Living a rich, gratifying life has a lot to do with relationships—your relationship with yourself and your relationship with others. Ann Kaiser Stearns wrote that, “The most self-loving action any of us performs in a lifetime is learning to develop…close friendships.” Engaging in caring relationships is critical to our emotional health and well-being, yet most of us never learned the life skills needed to develop them.
Due to their life conditioning, not all people have what it takes to be supportive, and not all unsupportive people can be avoided – for example, sometimes you can’t escape family members and co-workers. But, the idea here is to begin to identify the qualities that support you, spend time with people who embody those qualities, and, as much as possible, avoid people who are detrimental to your well-being. There are many ways to cultivate healthy relationships, the first of which is to become a supportive friend to others. Below are some qualities and behaviors that foster positive relationships – qualities and behaviors you can develop within yourself and which you can seek out in others:
Be a good sounding board.
When a friend wants to talk to you about something he’s going through—a crisis or problem—the best approach is simply to listen. Don’t offer advice without asking permission, because it may be that he just wanted to share his experience or vent his frustration about a situation. He may be looking for someone to validate his feelings.

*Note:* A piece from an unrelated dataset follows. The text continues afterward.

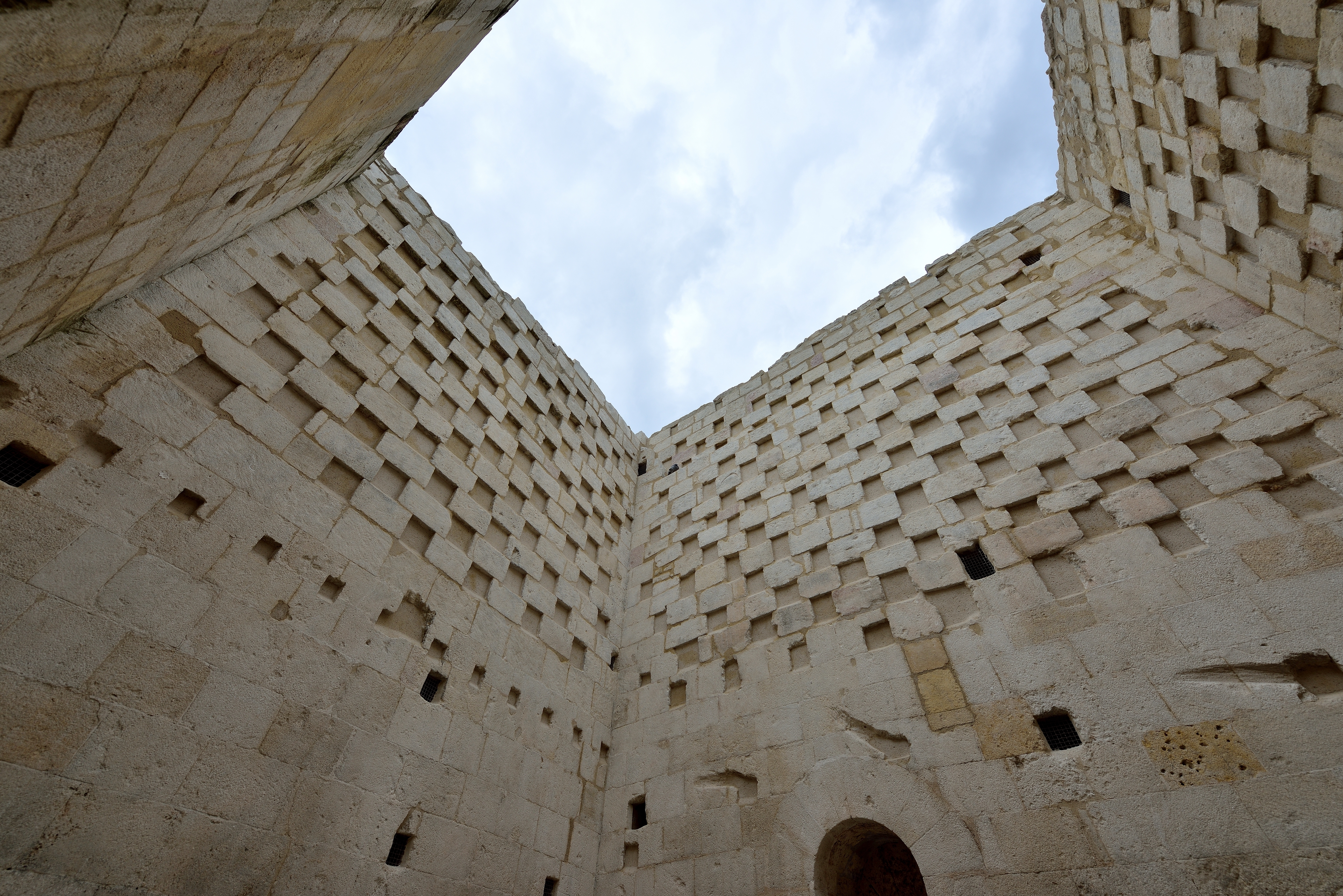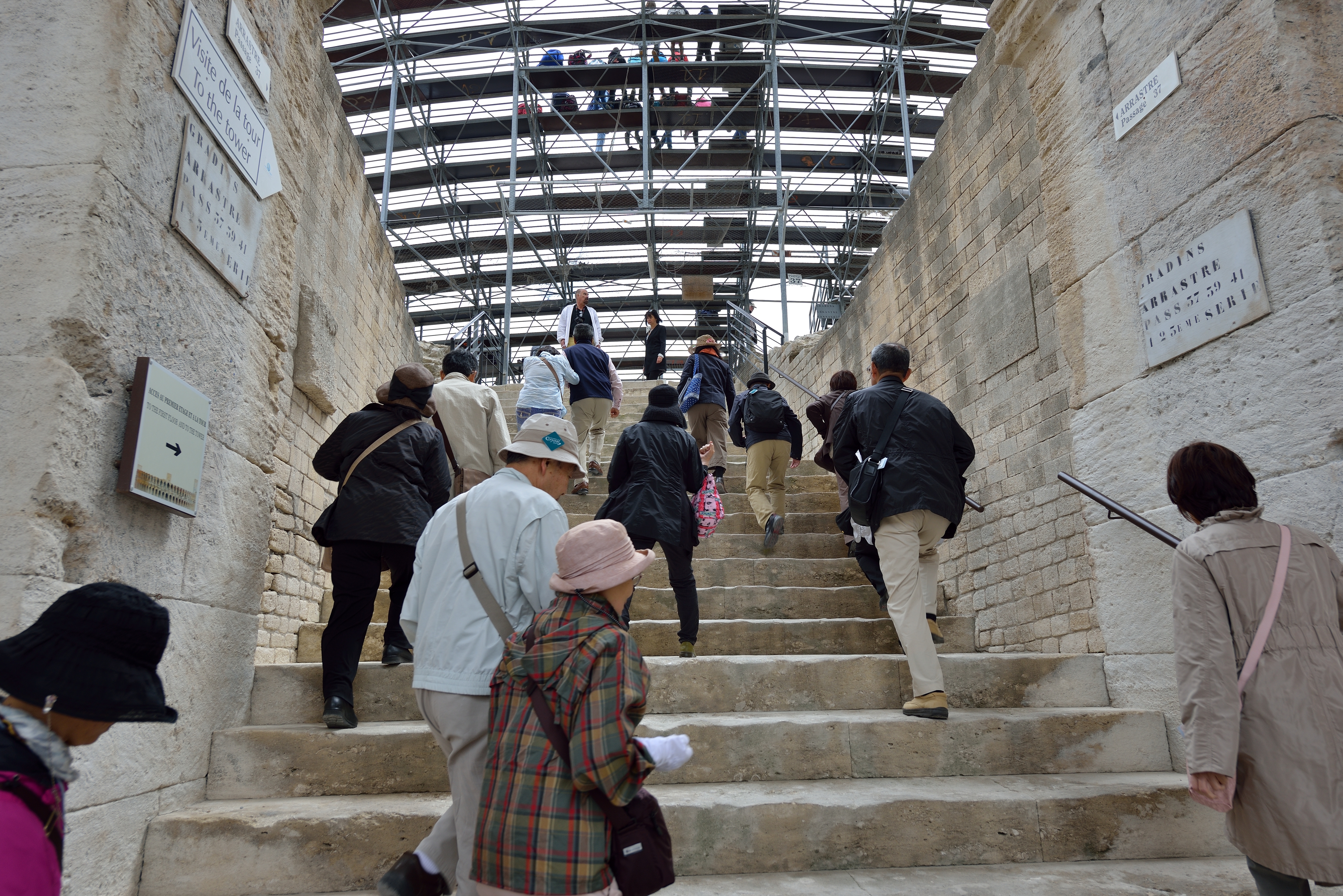 | 要塞として使用されていた時代の見張り塔 (16:03) 一層目のアーチ上から二層目のアーチ上にある見張り塔へ向かう。 嘗て、要塞があった時代には、東西南北と、四つの見張り塔があったが、現在は3塔だけ残っていて、その内、北側の塔の途中 (2層目のアーチの上) まで登ることが出来る。 上からは、ローヌ川 [Le Rhône] 、アルル [Arles] の街並み、アルピーユ山脈 [Les Alpilles] (MAP) を一望することができる。 「西」MAPLay. C |

Understanding and compassion should be the order of the day.
Don’t be judgmental.
It’s important to avoid being judgmental – especially if your friend is sharing something that’s in conflict with your own values. Remember that other people are not you; take care not to impose your values onto someone else. Remember, everybody’s doing the best they can at any given moment.Avoid “shoulding” people.
I suggest refraining from telling people what they “should” or “shouldn’t” do. If you’re in a relationship with someone who has a habit of telling you what you should and shouldn’t do, that’s a red flag. Instead of listening, this person is basing their actions on assumptions about you or about the way you should be living your life.
Be empathetic.
Empathy is the act of putting yourself in another person’s shoes. It’s a trait you’ll want to develop in yourself and a quality you can be looking for in others. If someone tells you something painful, recounting a personal crisis she went through, or a difficult situation she faces, show compassion. The simple statement “I’m really sorry you had to go through that” can be the most supportive approach.
Practice emotional intelligence.
Look for, practice, and promote emotional maturity and intelligence in your relationships. Here’s an example. Say you’ve made plans with a friend to go out on New Year’s Eve, but you have to cancel because you have the flu. A supportive friend may be disappointed, but will be understanding. She might even offer to pick up some chicken soup or a movie for you. But, if your friend gets angry, it’s a tip-off that you’re not dealing with a supportive and emotionally mature person.
Cultivate effective communication skills.
You’ll encounter occasional conflicts with any friend. Those conflicts present you with an opportunity to determine whether you can meet each other on an emotionally mature footing. For example, I had a friend who snapped at me, early in our relationship, when I called her at an inconvenient time. In response, I didn’t blame her or counterattack; instead, I carefully composed an e-mail, saying: “I apologize for disturbing you last night. I tend to be sensitive to harsh communication styles, and although it may not have been your intention, I experienced your response as harsh. When you feel upset with me, it would be great if you could communicate your feelings in a more gentle way. I respond much better to that kind of communication.” She responded by calling me and apologizing. She was able to say: “I can be abrupt, especially when I feel like my space is being invaded. I’m sorry I snapped at you and I’ll try to be more sensitive going forward” As a result, our relationship has continued to grow and she has become one of my dearest friends.
Be emotionally honest.
Emotional honesty, which involves the willingness to be vulnerable, is central to sharing healthy relationships. For example, what if a friend says something hurtful to you? “You look like you’ve put on weight,” or “I saw your ex-husband last night with his new girlfriend and he looked really happy.” It’s important to tell that person how you feel. You might say: “I’m having a reaction to what you just said. It may not have been your intention, but I found what you said hurtful.” Many people believe that vulnerability is a sign of weakness. I see it, instead, as having the courage to be authentic. By saying, “I’m feeling hurt,” you’re laying yourself wide open. But it’s a gesture that shows other people that you care enough about them and the relationship to share who you really are, and you’re inviting them to be who they really are. And, when you do, the other person’s response speaks volumes. It will let you know whether or not this is a supportive person with whom you want to engage.
Know when to let go.
Every relationship hits bumps along the way, which is when effective communication becomes especially important. It helps you find out whether you can effectively work through a conflict and negotiate your differences with someone else. If you can’t – if the other person is not emotionally mature enough, not far enough along in his own development—you may find it’s better to let the relationship go. Then, rather than create an unpleasant drama, you can disengage in a respectful way. You can say: “I don’t think we’re a good fit as friends.” Or “I think our values or lifestyles are just too different to support a friendship.” The better you know yourself, the easier it is to assess whether people are a good fit as part of your outer support system.